### Information provided

==============================

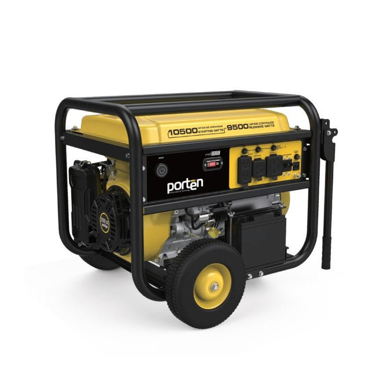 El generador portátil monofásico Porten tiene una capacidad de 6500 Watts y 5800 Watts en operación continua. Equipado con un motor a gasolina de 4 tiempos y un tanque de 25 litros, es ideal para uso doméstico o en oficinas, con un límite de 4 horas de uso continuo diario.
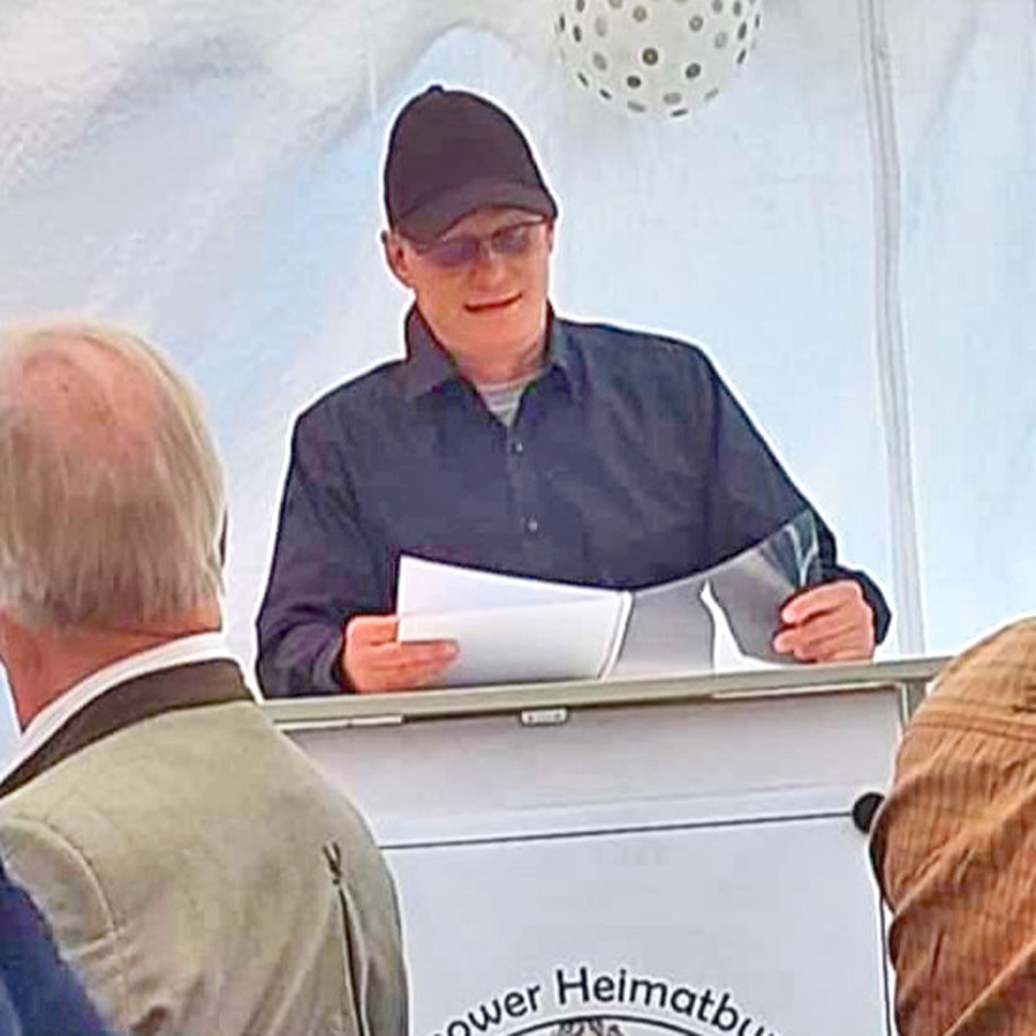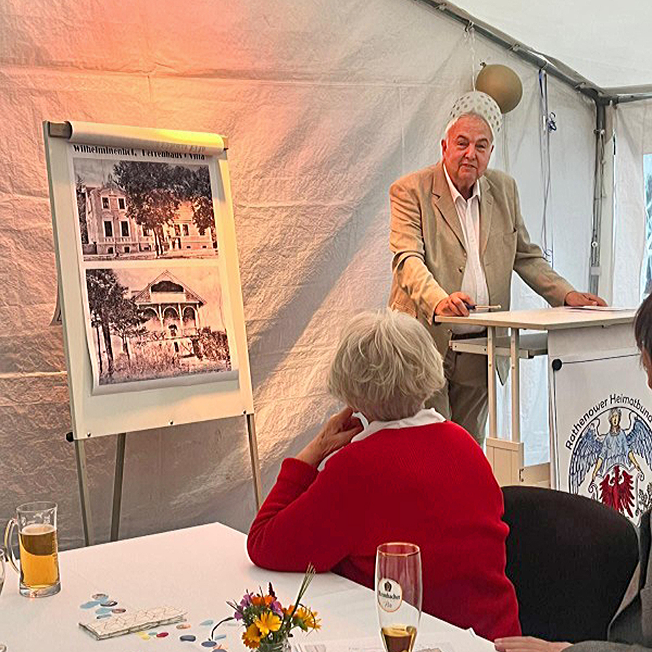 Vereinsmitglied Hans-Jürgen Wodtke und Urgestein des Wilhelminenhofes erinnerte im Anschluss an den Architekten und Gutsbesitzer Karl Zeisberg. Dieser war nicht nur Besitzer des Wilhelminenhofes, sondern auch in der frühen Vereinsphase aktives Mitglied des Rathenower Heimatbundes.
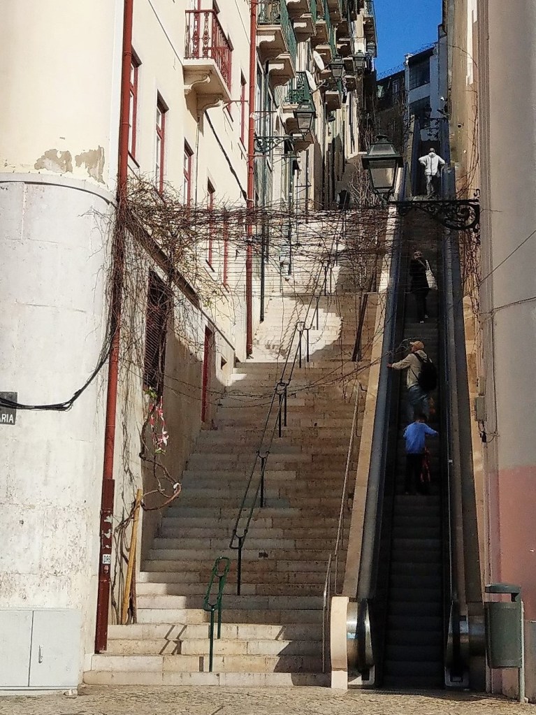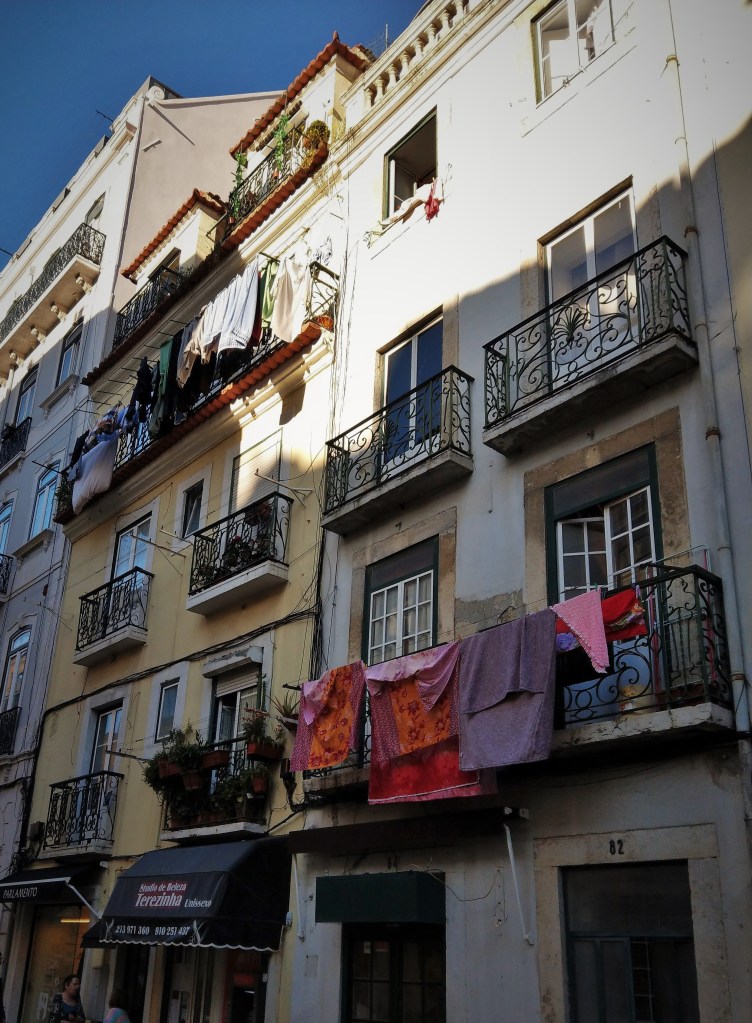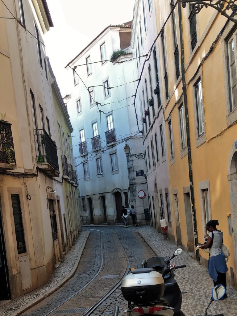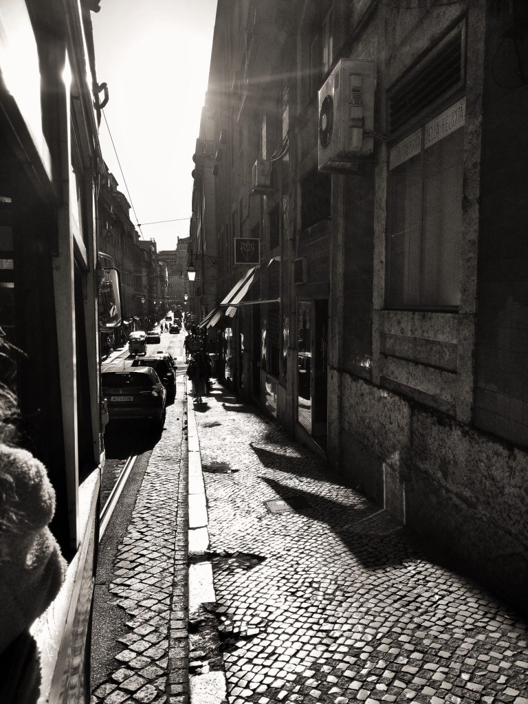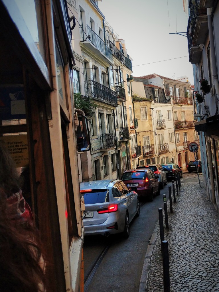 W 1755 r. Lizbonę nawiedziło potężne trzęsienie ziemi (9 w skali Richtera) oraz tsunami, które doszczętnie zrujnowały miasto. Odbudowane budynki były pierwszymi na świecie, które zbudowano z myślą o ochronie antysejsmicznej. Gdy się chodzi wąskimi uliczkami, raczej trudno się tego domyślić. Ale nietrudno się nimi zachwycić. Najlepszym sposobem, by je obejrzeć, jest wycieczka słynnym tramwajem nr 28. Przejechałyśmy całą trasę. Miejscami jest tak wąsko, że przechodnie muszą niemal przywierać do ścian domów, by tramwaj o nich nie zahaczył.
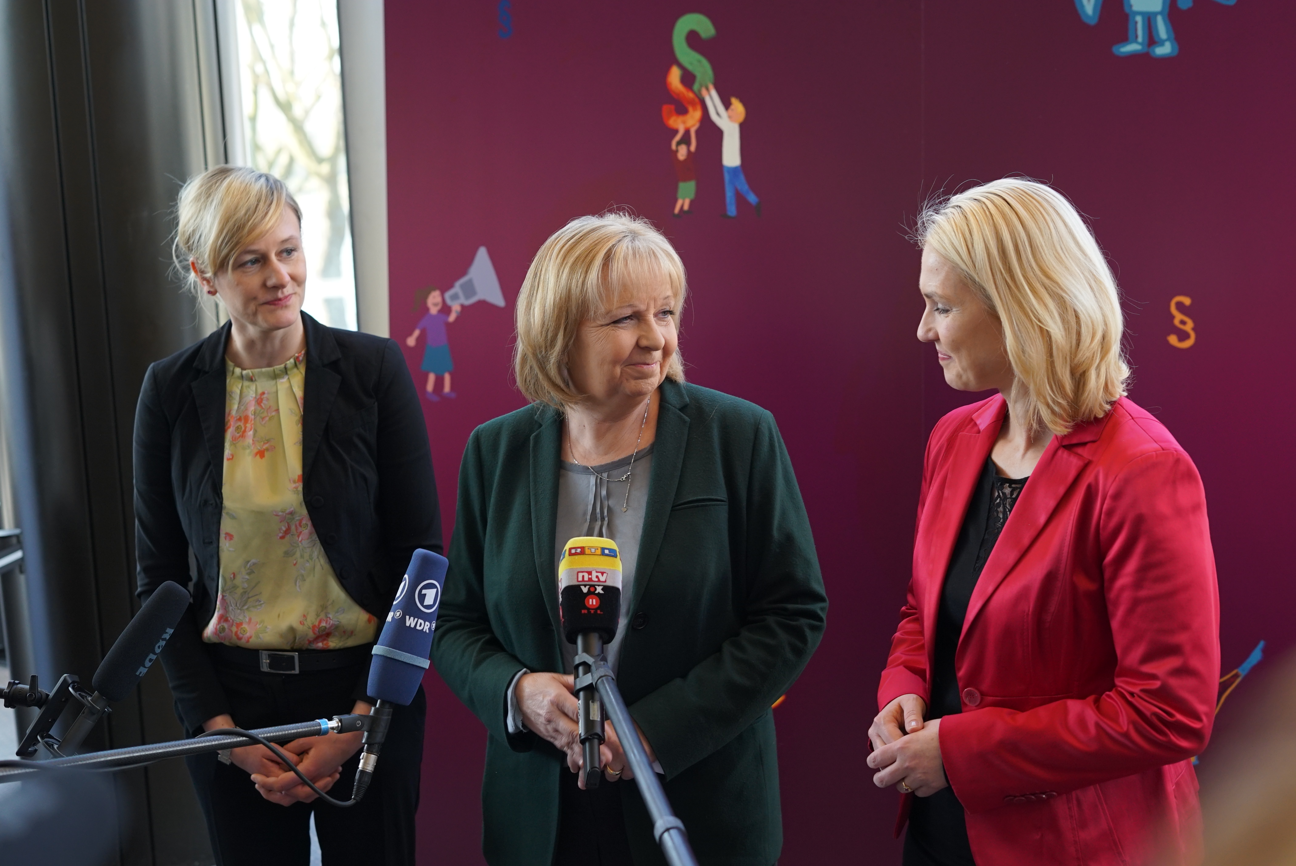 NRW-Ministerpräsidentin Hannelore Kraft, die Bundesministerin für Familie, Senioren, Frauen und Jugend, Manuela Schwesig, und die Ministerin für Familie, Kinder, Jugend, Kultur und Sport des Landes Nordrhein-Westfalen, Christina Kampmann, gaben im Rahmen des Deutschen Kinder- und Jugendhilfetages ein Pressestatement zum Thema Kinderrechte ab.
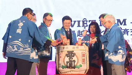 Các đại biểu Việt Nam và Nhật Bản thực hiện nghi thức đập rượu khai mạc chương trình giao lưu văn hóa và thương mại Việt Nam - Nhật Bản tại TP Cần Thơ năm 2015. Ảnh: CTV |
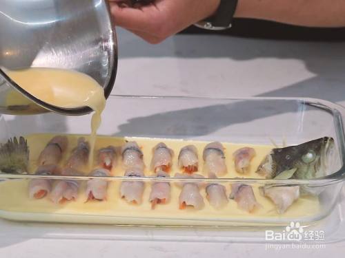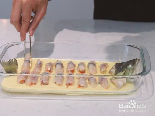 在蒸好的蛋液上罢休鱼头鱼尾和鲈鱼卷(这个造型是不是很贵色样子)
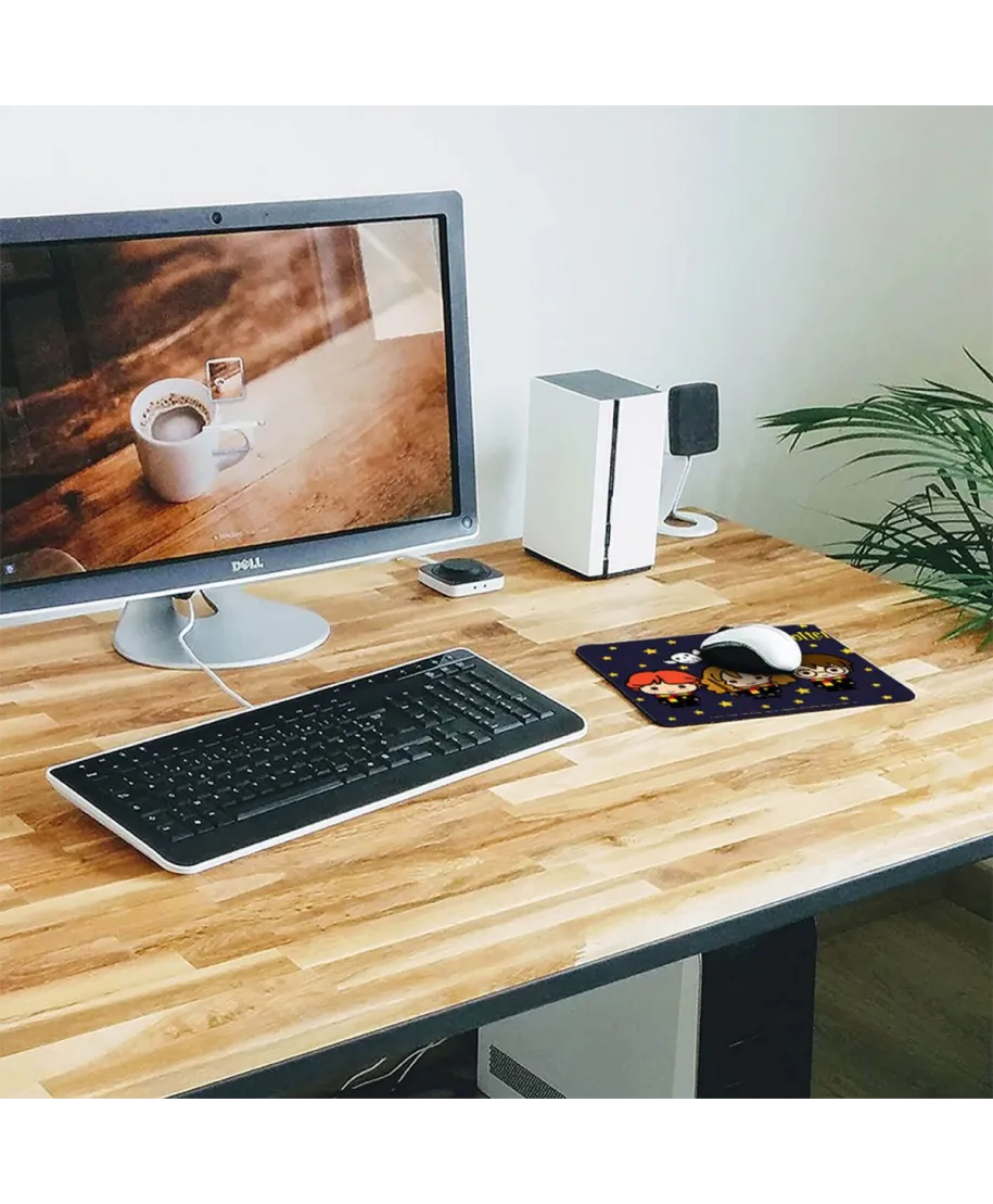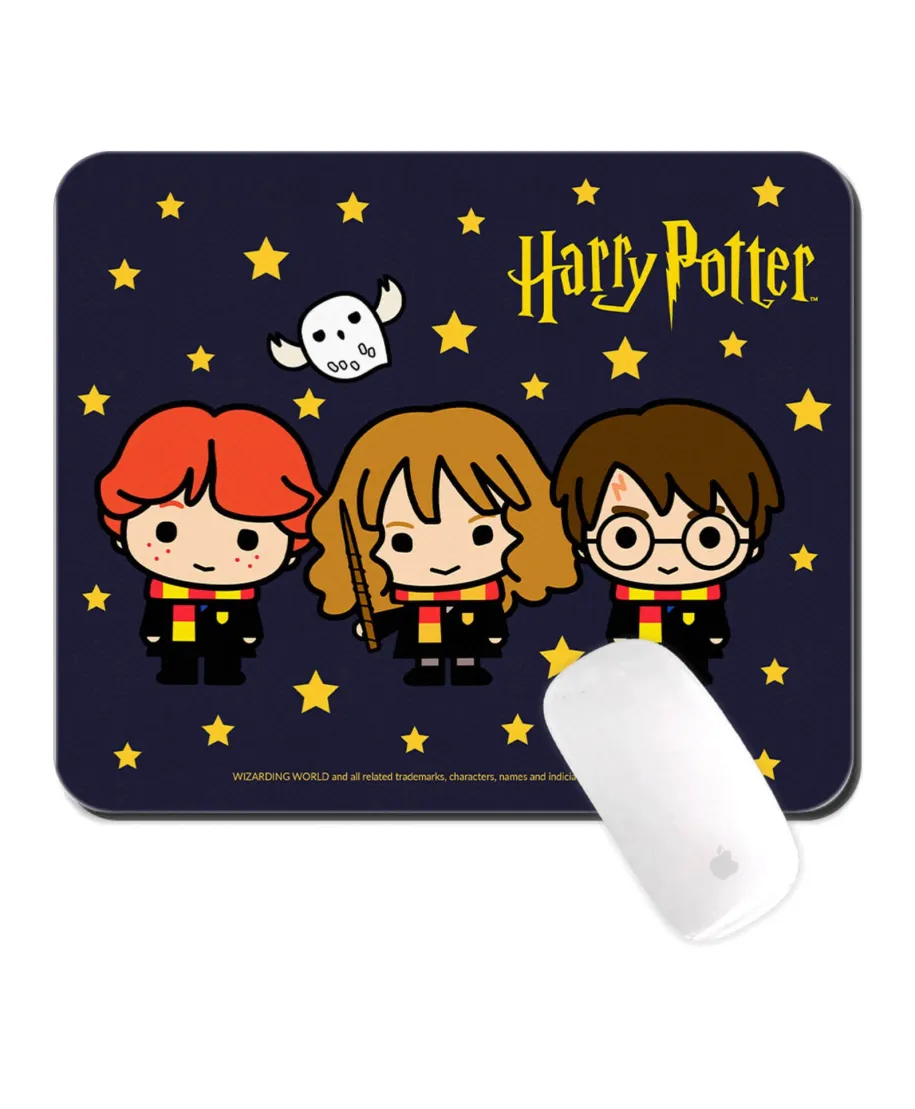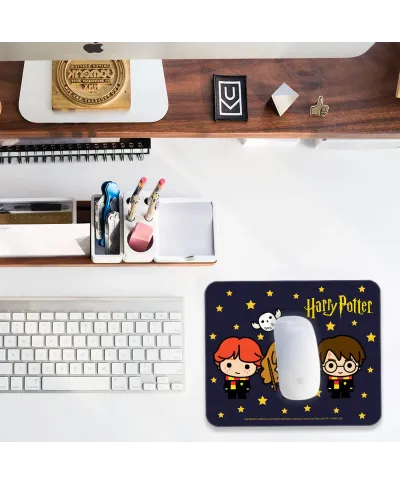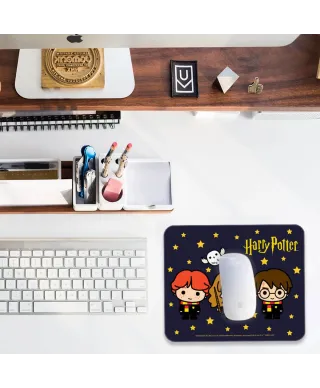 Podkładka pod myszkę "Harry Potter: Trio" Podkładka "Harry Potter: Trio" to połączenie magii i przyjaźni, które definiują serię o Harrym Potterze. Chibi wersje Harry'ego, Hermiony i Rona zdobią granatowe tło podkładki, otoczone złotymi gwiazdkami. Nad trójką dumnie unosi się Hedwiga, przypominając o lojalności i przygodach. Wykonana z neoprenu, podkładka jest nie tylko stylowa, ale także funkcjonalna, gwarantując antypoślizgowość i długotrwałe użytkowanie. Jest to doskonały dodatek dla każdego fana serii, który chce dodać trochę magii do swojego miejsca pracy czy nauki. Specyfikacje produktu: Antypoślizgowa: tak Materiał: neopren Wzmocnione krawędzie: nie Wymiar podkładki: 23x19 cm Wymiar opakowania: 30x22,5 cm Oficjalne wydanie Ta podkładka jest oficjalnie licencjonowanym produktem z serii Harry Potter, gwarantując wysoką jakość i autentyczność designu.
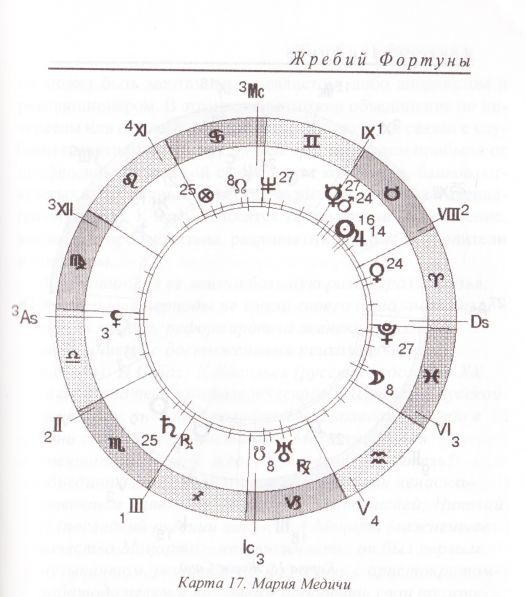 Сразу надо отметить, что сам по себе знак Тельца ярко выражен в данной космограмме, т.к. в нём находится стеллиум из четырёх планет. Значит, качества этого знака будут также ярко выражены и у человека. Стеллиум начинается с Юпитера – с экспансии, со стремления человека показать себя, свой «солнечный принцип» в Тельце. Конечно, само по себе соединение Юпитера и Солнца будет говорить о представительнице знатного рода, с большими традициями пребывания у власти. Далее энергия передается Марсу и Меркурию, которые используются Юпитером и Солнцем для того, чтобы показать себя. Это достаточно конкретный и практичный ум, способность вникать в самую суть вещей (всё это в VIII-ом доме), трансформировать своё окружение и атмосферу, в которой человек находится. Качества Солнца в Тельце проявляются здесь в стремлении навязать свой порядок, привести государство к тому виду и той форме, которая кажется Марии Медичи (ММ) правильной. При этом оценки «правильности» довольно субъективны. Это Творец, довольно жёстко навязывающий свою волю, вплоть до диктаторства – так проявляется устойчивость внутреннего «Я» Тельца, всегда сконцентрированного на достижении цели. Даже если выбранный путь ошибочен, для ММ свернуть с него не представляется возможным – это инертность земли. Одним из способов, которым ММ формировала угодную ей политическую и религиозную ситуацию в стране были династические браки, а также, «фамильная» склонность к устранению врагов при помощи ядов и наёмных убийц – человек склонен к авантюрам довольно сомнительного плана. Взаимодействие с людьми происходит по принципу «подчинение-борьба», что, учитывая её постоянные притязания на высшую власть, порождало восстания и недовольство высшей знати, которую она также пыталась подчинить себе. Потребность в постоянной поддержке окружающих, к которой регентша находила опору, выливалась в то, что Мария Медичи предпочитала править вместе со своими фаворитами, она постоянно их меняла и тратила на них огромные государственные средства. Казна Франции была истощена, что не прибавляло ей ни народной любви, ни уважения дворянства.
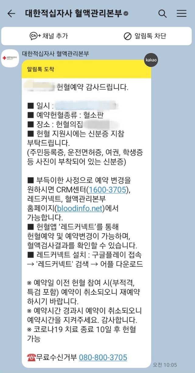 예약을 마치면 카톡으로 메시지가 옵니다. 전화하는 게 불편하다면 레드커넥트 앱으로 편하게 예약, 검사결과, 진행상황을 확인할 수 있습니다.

==============================

### Problem to solve
Repeat verbatim the lines between the start of the data and the line containing "W 1755 r. Lizbonę", both ends included, omitting all pictures.

### Answer to the exercise
 El generador portátil monofásico Porten tiene una capacidad de 6500 Watts y 5800 Watts en operación continua. Equipado con un motor a gasolina de 4 tiempos y un tanque de 25 litros, es ideal para uso doméstico o en oficinas, con un límite de 4 horas de uso continuo diario.
 Vereinsmitglied Hans-Jürgen Wodtke und Urgestein des Wilhelminenhofes erinnerte im Anschluss an den Architekten und Gutsbesitzer Karl Zeisberg. Dieser war nicht nur Besitzer des Wilhelminenhofes, sondern auch in der frühen Vereinsphase aktives Mitglied des Rathenower Heimatbundes.
 W 1755 r. Lizbonę nawiedziło potężne trzęsienie ziemi (9 w skali Richtera) oraz tsunami, które doszczętnie zrujnowały miasto. Odbudowane budynki były pierwszymi na świecie, które zbudowano z myślą o ochronie antysejsmicznej. Gdy się chodzi wąskimi uliczkami, raczej trudno się tego domyślić. Ale nietrudno się nimi zachwycić. Najlepszym sposobem, by je obejrzeć, jest wycieczka słynnym tramwajem nr 28. Przejechałyśmy całą trasę. Miejscami jest tak wąsko, że przechodnie muszą niemal przywierać do ścian domów, by tramwaj o nich nie zahaczył.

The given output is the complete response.